Later, he was asked why he was so emotional.

“It is the adversity that we have gone through as a team, and the adversity that I have personally experienced,” he explained. “Those challenges to get out of bed every day and give it my best shot.

“There are so many times where you feel like you give it your best shot and it is just not good enough.

“We live in a time where mental health is such as serious issue and I am not going to lie, I have experienced that.

“When I came back in 2022 I honestly thought I was over it (Abu Dhabi 2021) and I wasn’t and it has taken a long time to heal that feeling and that is only natural for anyone that has had an experience like that.

“This is the longest stint that I have not had a win – 945 days – and the emotion that has accumulated over that time, could make this one of the most special victories for me, if not the most special one. I have never cried from a win before, it just came out of me.”

Hamilton started second, and took the lead from team-mate George Russell with a fine move at Stowe on lap 18.

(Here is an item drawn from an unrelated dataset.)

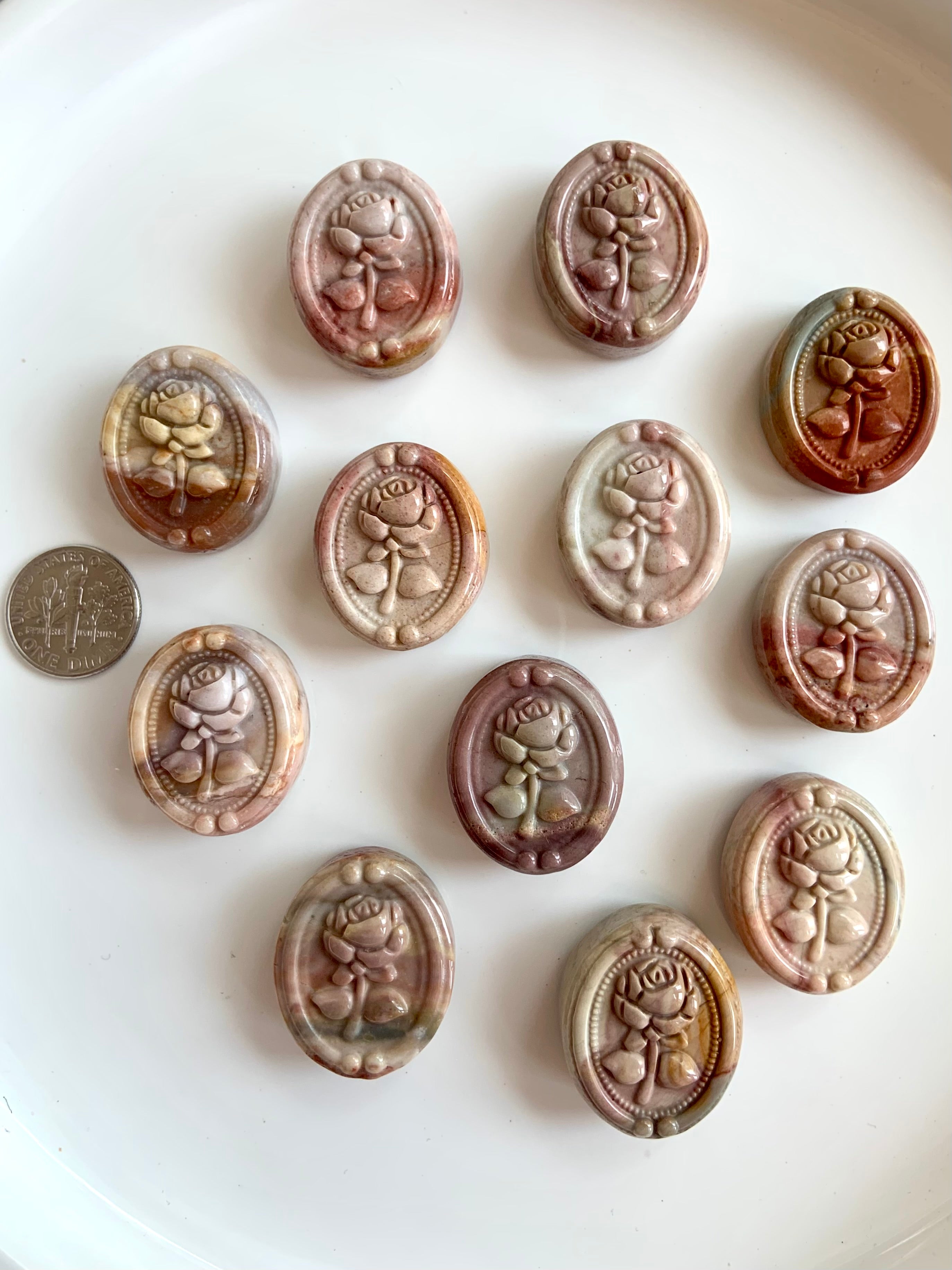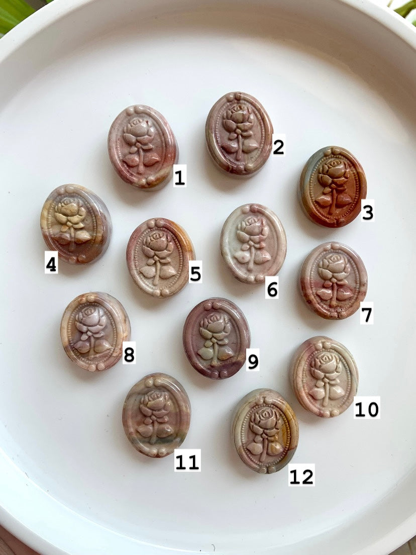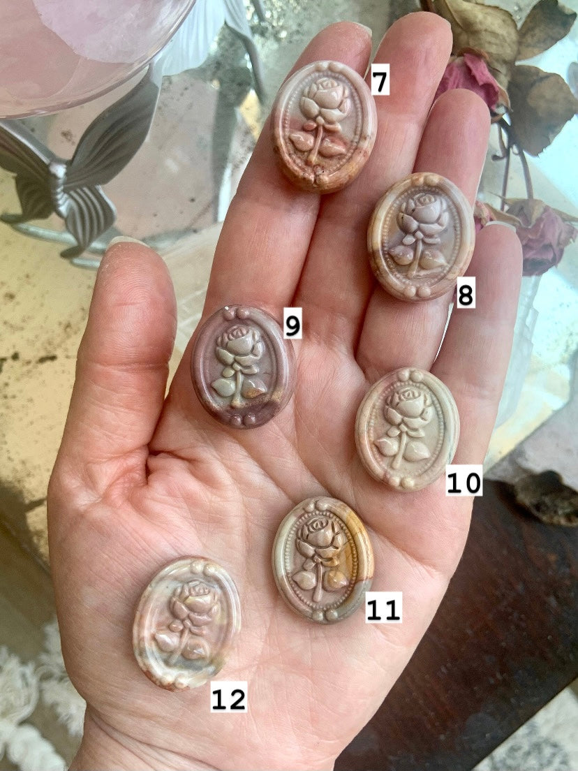 These Alashan Agate Flowers have beautifully detailed bas relief carving on the front with a flat back. There are just twelve to choose from + each stone rose is one of a kind, size details below.

But as the rain worsened, both Hamilton and Russell ran off the track at the beginning of the proceeding lap, with Norris moving ahead of Russell at Copse, and then Hamilton at Abbey on lap 20.

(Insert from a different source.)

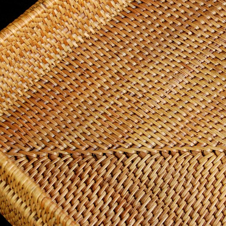 こちらはアタという素材で編まれています。 アタはインドネシアに自生するシダ科の植物です。 そのアタを乾燥させ、茎の部分を丁寧に裂いて編み込んでいき、約一週間天日干しして乾燥させ、その後ココナッツチップなどで1〜3日間燻します。 燻すことにより型崩れしない、そして虫にも強いアメ色の丈夫なアタ製品となります。

Norris’s McLaren team-mate Oscar Piastri was also on the move, driving round the outside of Russell at the Loop and heading into the Wellington Straight, before the Australian cleared Hamilton at Stowe.

Suddenly it was a McLaren one-two. Hamilton and Russell relegated to third and fourth respectively.

Verstappen, back in fifth and struggling, rolled the strategy dice to move to the intermediate tyres. Norris, Hamilton and Russell immediately switched to the wet rubber. As McLaren serviced Norris, Piastri was left out on dry tyres, and his afternoon as a contender was over.

On lap 33, Russell was told to retire the car from third place following a water leak failure with Norris seemingly on his way to victory.

But as the track dried out, Mercedes pulled Hamilton into the pits for slicks, and Verstappen, now up to third, stopped for dry rubber, too.

Norris was left out on old inters, and when he changed to dry tyres at the end of lap 40, his lead had been wiped out with Hamilton swooping into first place.

Hamilton then rolled back the years to take his 104th career win, with Verstappen demoting Norris to third.

“Get in there, Lewis,” yelled Hamilton’s race engineer, Peter Bonnington. “You are the man! You are the man! I have been waiting for this.”

Hamilton’s voice cracked as he replied: “Thank you so much, guys. It means a lot to get this one. I love you guys.”

Crying in his cockpit, Hamilton added: “I love you, Bono.”

Mercedes team principal Toto Wolff joined the radio love-in, saying: “We never give up and what a sign-off for our last race at the British Grand Prix. We couldn’t wish for anything better.”

Despite being on the back foot for much of the race, Verstappen managed to extend his championship lead over Norris to 84 points.